Technically impossible or not its the final result that we see. So why assume I wouldnt consider it to have been impossible? Simply lifting the camera a few inches would have gotten over the straw and replaced it with beach. Not rocket science. Maybe he wanted and liked the straw. Its not my pic and I only commented on my feelings about it.


----------



## manaheim (Jun 19, 2010)

Bynx said:


> Technically impossible or not its the final result that we see. So why assume I wouldnt consider it to have been impossible? Simply lifting the camera a few inches would have gotten over the straw and replaced it with beach. Not rocket science. Maybe he wanted and liked the straw. Its not my pic and I only commented on my feelings about it.

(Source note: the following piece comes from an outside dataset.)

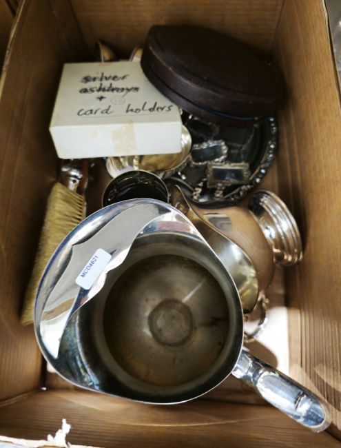 Cased set of four Edwardian footed salts with glass liners and four spoons, a white metal baluster water jug on four ball feet, a Georgian-style sauce boat on three shell cast feet, assorted sugar casters, shakers, an Art Nouveau white metal-mounted clothes brush, assorted wine bottle labels, a set of miniature white metal goblets cast with fruiting vine and other items

Well him "maybe wanting it" was kinda my original point when I was saying that your comment about "everything should be in focus" was over broad, and also just my opinion.


----------



## c.cloudwalker (Jun 19, 2010)

manaheim said:


> Bynx said:
> 
> 
> > Technically impossible or not its the final result that we see. So why assume I wouldnt consider it to have been impossible? Simply lifting the camera a few inches would have gotten over the straw and replaced it with beach. Not rocket science. Maybe he wanted and liked the straw. Its not my pic and I only commented on my feelings about it.
> ...



:thumbup:

Talk about selective illiterate-dom. :lmao:

Whatever I say, I will make it work... Sure. Whatever. Who cares if by lifting the camera a couple inches I get a totally different photo?

Very nice translation of what I said Mr. Bynx but it was in English and didn't need to be translated. If you could read you may have realized it wasn't an attack on you. Just a disagreement.

If you can't take a disagreement, maybe you don't belong in the art world.

My apologies to the OP for this ridiculousness.


----------